COLUMBUS (WCMH) — ECOT lied again, according to Ohio Auditor of State Dave Yost.
He claims the online charter school artificially inflated its enrollment numbers for the 2016-17 school year.
According to Yost, unlike previous audits, ECOT officials refused to sign a standard document that stated they did not knowingly engage in fraudulent activities.
Thursday’s report comes after what Yost called a unique and critical year in which the school could not claim they were surprised that their funding would be based off of student participation and not just being signed up with the school.
“For the first time, we have documentation that during the 2016-17 school year ECOT knew precisely how much time students were spending on school work,” said Yost.
That’s thanks in large part to software we told you about a couple of weeks ago called ActivTrak, and Yost says the school chose to report data the software does not corroborate.
“Activtrak is the smoking gun,” said Yost. “For the first time we can prove that ECOT submitted information to ODE in order to get paid that it knew to be false when it was submitted.”
“Submitting false information in order to get money to which one is not entitled is fraud, and it may also be a criminal act,” said Yost.
Yost has referred this matter to the U.S. Attorney, the FBI, the Inspector General of the U.S. Department of Education, and Franklin County Prosecutor Ron O’Brien.
Yost says, ultimately it may not be possible to calculate exactly how much money ECOT has bilked from the state over the years, and while the state attempts to recoup some of the millions of dollars it is owed for overpayments to the school it is the students who never graduated that lost the most.
“ECOT owed them an education and now it can never give it to them, you can’t make that up,” said Yost.
Yost claims the Ohio Department of Education and state lawmakers are to blame for all of this.
He says ODE should not have accepted ECOT’s reported numbers for 2016-17 because they lacked detail, something that is required by ODE guidelines.
He also says, state lawmakers should not have allowed the loopholes ECOT exploited to deceive the state to exist.
According to Yost, no new regulations would have been passed into law and ECOT would still be in operation today if it wasn’t for his office and the work they have done uncovering the bad acts of the school.
Yost described his efforts to get lawmakers to sure up charter school rules as having to drag them kicking and screaming.
After the press conference Yost’s campaign for Attorney General released a statement that he would be giving all money ever donated to him by Bill Lager, the founder of ECOT, to charity.
Keith Faber, who served as Senate President during the years ECOT ran unchecked, and who is running State Auditor also is giving all money donated to him by Bill Lager to charity.

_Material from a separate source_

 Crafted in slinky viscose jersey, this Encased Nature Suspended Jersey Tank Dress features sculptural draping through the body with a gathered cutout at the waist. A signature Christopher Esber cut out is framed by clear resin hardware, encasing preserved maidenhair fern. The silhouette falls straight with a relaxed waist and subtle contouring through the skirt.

Democrats have made, and plan to continue to make, ECOT a central issue by trying to link those kinds of financial donations to Republican candidates like Yost and Faber, as well as to the Republican Party itself, as a pay to play scheme.

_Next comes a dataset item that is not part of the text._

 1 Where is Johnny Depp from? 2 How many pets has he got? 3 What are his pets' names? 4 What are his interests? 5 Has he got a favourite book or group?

Republicans have held power over much of Ohio’s state government for years and during that time ECOT has been allowed to continue to operate in a way that Yost speculates as morally wrong, but potentially legally above board due to weak state laws.
The majority party has also been responsible for the elimination of a watchdog group that could have caught ECOT sooner had they not been dissolved.
There is no guarantee that the Legislative Office of Education Oversight (LOEO) would have been able to sniff out ECOT’s deceptive practices, but there is a 100% chance of it not finding anything when it no longer existed.
In 2005, LOEO was dissolved when current Lt. Governor Candidate Jon Husted held the leadership position of Speaker of the Ohio House of Representatives which voted to eliminate the office.
This will not be the last time ECOT ends up in the news.
An audit of the partial 2017-18 school year it was in operation will be done.
And there is still the ability to look into what exactly the students were doing with their time.
Because ActivTrak logs the name of the window that is open and being viewed on the computer, and all that raw data has been saved and cannot be changed, it could be accessed and studied.
The question remains: what will investigators find? Do we really want to know what they were looking at alone in their homes on laptops paid for by taxpayers?